Я помню, как сейчас, что весь ушел в мечты. То я себя видел русским воином, скачущим в бой, то — старым Родичем, вершившим дела рода, а то — простым пахарем, сеявшим жито.
КОЛЯДИНО УГОЩЕНИЕ РОДУ-РОЖАНИЦУ
Заснежило, забуранило ввечеру, света Божия не видать. Видали сквозь пургу — неясной тенью санки одноконные прошли, а это Свят-Микола с Филипповкой проехали метелицу поборять, православных спасать, на дорогу выводить на звон колокола во мгле. А снег все гуще, метелица сильней, — так, надоумь[38] и за Вечерю сели, Христа Рождающегося встретили.
Знали о том благие коровы, когда в яслях, на рассыпанном снопе, в колосках жита Свет Неизреченный загорелся и Богоматерь с Иосифом новорожденное Солнце Разума, Младенца Иисуса положили.
Изумленным оком смотрели на Чудо из Чудес коровы, перестали жвачку жевать, склонили свои морды к яслям, согревая теплым дыханием Младенца, Слово Божие. Лишенные речи животные обожали Рожденное — Свет от Света — Слово. Волхвы пришли с пастухами, сначала поклонились пастухи, потом Волхвы со звездою. Положили они золото, смирну и ладан к ногам Господним, царские дары Вседержителю Неба и Земли. Ушли и они, а ясли светились. Благие коровы, думая, что то Мать-Заря зажглась, все стояли немые и косноязычные. И вдруг восторг обуял их. Заревели они радостно. Замычали, возвещая миру Спасение.

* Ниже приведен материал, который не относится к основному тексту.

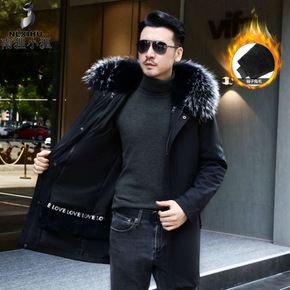 派克服男2021新款兔毛内胆可拆卸中长款冬季皮外套...

А в доме — старые знакомые появились, ожили, пришли в движение. Первым вышел из-за шкапа с платьем Домовой-Батюшка, бородка — клинушком, росту годовалого, на шее пестрядка повязана, волосы длинные, в сене, с остюгами, а из ушей половка сыплется — долго под угольником сидел, на кутью, взвар облизывался, да и накануне с котом Васькой весь день на сеновале барахтался. Кот ленивый, так его Домовой-Батюшка мышей ловить учил. Вот и сена набрался.
Обмахнул Домовой-Батюшка сапожки свои юхтовые веничком просяным, волосы елеем из лампадки примазал, сенной бражкой виски примочил, кафтанишко одернул, прихорошился и пошел на галерею домовых божков кликать.
— Па-жал-те. На Колядино угощение Роду с Рожаницей почитание. В предбаннике.
На гореще[39] кто-то завозился, стал ляду[40] поднимать, затем оттуда свесилась мочальная борода в паутине, показался посошок, нос картошкой, длинные волосы, и Го-решный показался весь в пыли со связкой сухих грибов, забытых с осени.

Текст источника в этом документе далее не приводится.